TO DO: Using the entries that follow, transcribe only the lines from the line with "ポリエステルベースにポリウレ" to the line with "Custom My Lesbian", both included, exactly as they stand and without pictures.

DATA SUPPLIED:
-- Opening Marker --

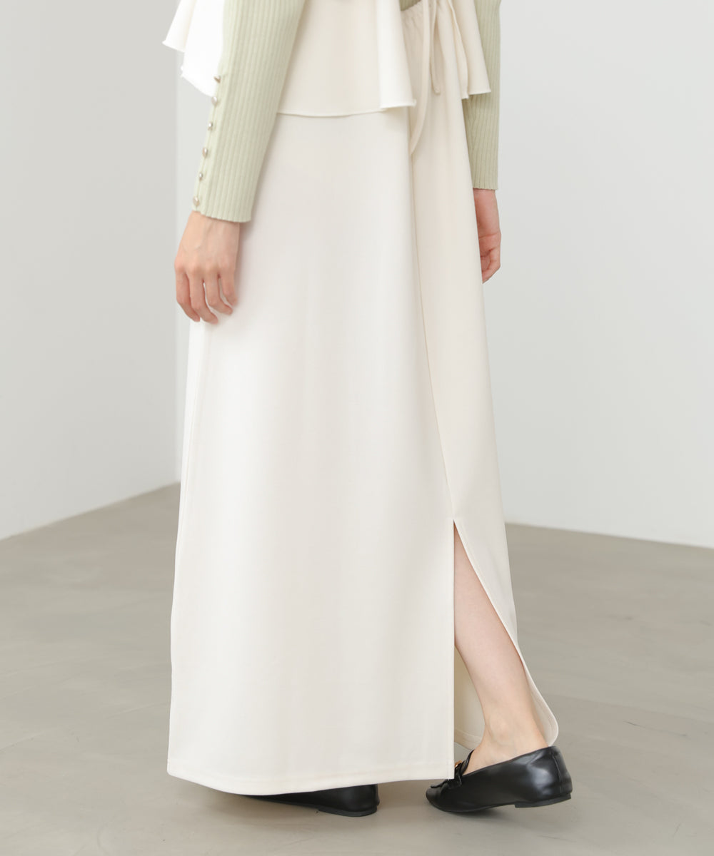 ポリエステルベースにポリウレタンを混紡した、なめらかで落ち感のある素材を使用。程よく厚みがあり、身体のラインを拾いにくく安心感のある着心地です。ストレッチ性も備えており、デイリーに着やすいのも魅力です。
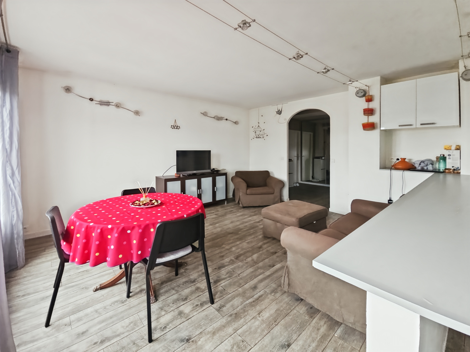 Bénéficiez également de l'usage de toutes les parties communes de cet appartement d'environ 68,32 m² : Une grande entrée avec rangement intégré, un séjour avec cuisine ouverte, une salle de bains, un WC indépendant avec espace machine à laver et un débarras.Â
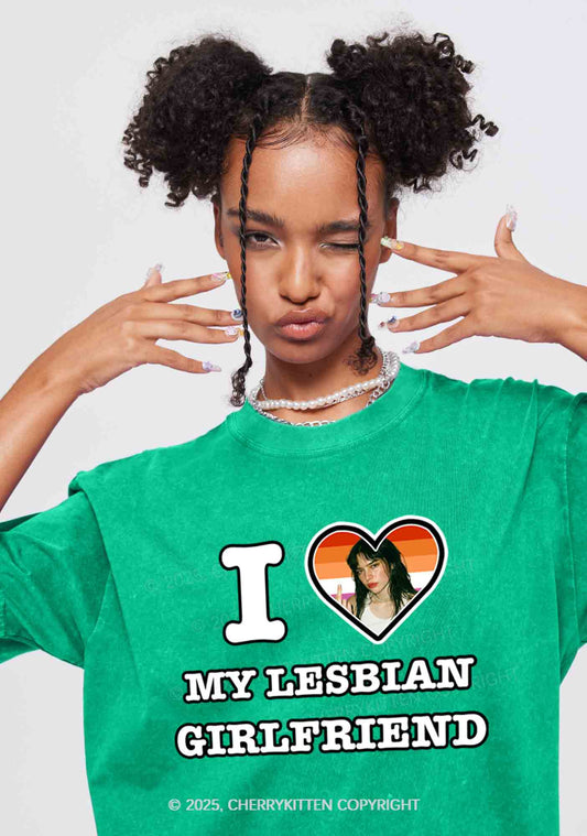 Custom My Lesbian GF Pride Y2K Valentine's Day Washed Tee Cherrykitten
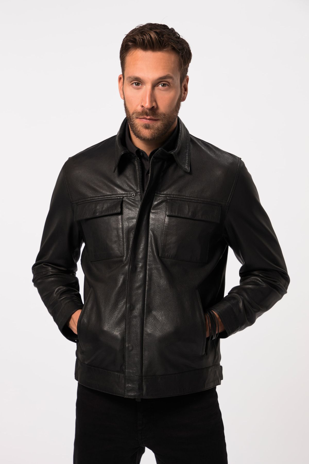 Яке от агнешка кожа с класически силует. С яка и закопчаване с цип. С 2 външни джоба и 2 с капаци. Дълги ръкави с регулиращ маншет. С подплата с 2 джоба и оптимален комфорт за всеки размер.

-- Closing Marker --
-- Opening Marker --

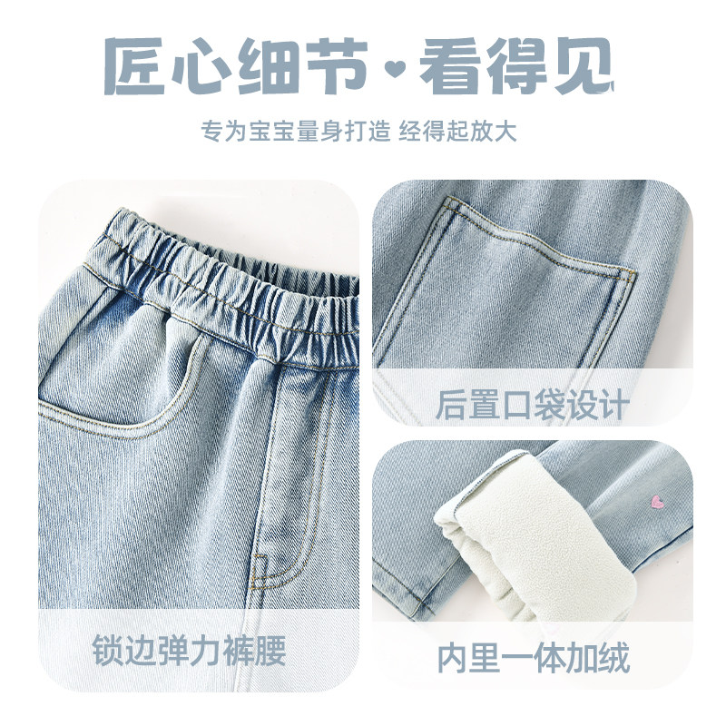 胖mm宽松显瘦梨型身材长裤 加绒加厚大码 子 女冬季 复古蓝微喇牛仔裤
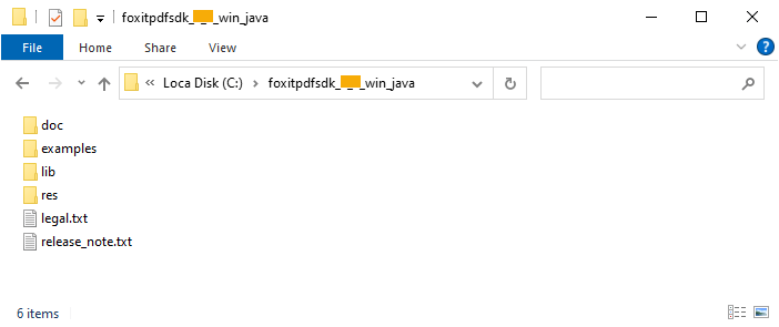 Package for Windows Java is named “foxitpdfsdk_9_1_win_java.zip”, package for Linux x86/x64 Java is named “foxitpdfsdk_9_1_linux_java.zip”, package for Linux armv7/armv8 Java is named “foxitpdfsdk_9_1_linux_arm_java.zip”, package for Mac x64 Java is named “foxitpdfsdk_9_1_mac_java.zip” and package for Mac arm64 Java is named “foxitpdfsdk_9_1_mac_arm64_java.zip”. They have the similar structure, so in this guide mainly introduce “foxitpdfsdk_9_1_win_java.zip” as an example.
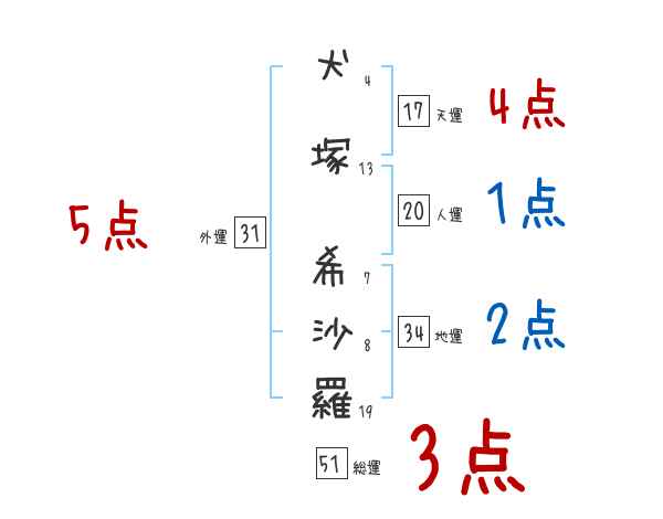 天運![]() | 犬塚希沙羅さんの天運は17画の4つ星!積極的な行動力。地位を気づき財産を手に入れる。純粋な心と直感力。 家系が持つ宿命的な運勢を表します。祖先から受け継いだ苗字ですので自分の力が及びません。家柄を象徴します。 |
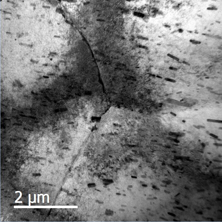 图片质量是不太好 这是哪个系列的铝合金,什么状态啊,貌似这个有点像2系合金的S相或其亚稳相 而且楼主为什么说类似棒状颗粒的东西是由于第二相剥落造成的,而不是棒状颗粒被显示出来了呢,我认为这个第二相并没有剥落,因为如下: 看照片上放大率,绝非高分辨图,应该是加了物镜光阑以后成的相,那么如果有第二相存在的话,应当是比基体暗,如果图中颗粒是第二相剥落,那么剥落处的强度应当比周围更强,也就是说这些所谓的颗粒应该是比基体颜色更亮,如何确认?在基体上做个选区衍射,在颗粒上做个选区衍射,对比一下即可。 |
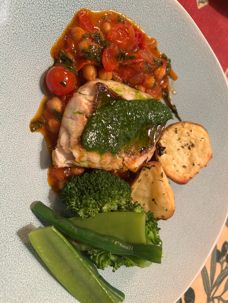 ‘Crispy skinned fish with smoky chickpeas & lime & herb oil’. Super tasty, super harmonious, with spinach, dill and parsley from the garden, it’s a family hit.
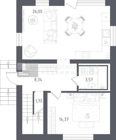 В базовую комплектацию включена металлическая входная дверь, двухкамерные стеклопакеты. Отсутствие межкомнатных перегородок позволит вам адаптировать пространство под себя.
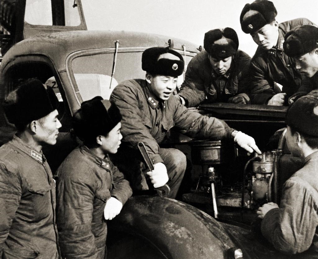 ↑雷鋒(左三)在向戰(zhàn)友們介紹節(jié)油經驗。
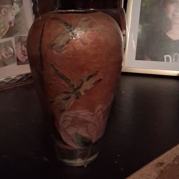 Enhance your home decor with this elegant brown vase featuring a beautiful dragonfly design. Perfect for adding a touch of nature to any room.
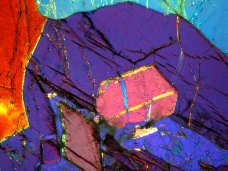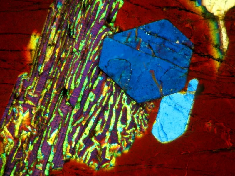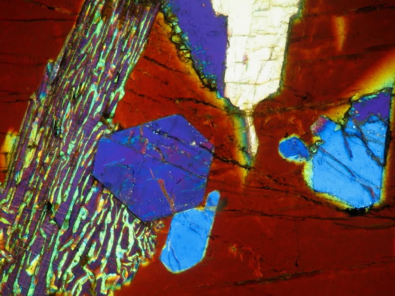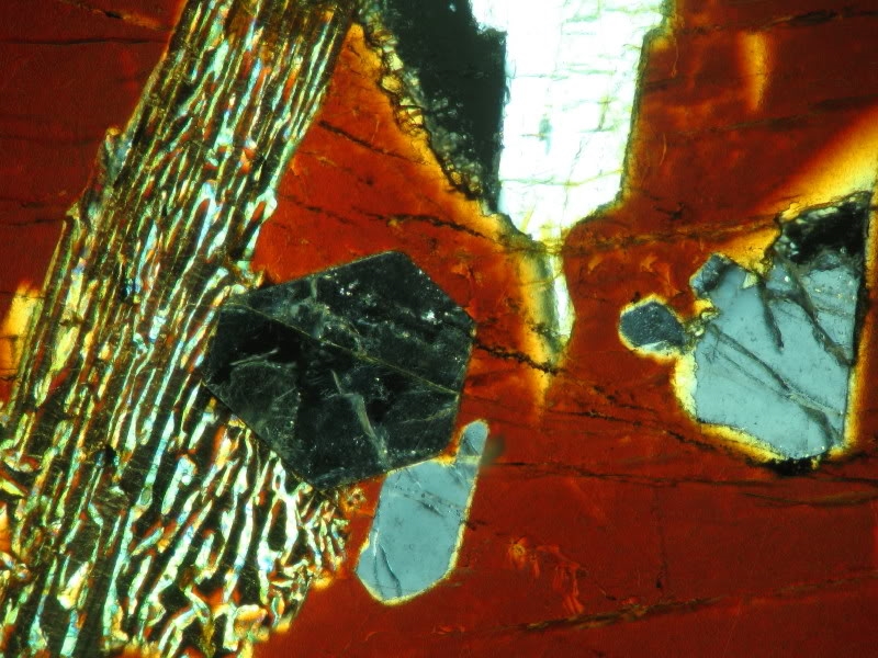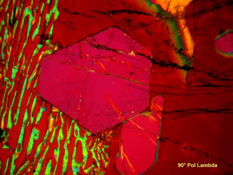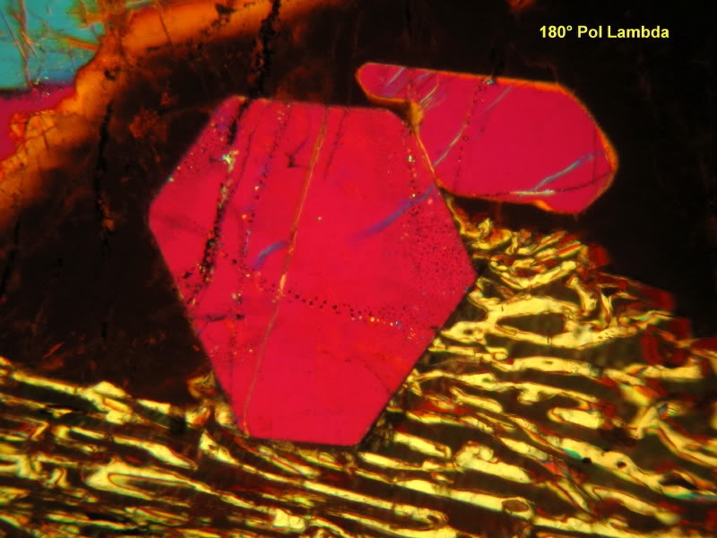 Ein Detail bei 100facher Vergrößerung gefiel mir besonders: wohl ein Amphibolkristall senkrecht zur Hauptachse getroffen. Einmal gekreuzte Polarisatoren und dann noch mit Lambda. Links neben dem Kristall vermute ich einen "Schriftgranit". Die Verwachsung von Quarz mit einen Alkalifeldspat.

-- Closing Marker --

EXERCISE OUTPUT:
 ポリエステルベースにポリウレタンを混紡した、なめらかで落ち感のある素材を使用。程よく厚みがあり、身体のラインを拾いにくく安心感のある着心地です。ストレッチ性も備えており、デイリーに着やすいのも魅力です。
 Bénéficiez également de l'usage de toutes les parties communes de cet appartement d'environ 68,32 m² : Une grande entrée avec rangement intégré, un séjour avec cuisine ouverte, une salle de bains, un WC indépendant avec espace machine à laver et un débarras.Â
 Custom My Lesbian GF Pride Y2K Valentine's Day Washed Tee Cherrykitten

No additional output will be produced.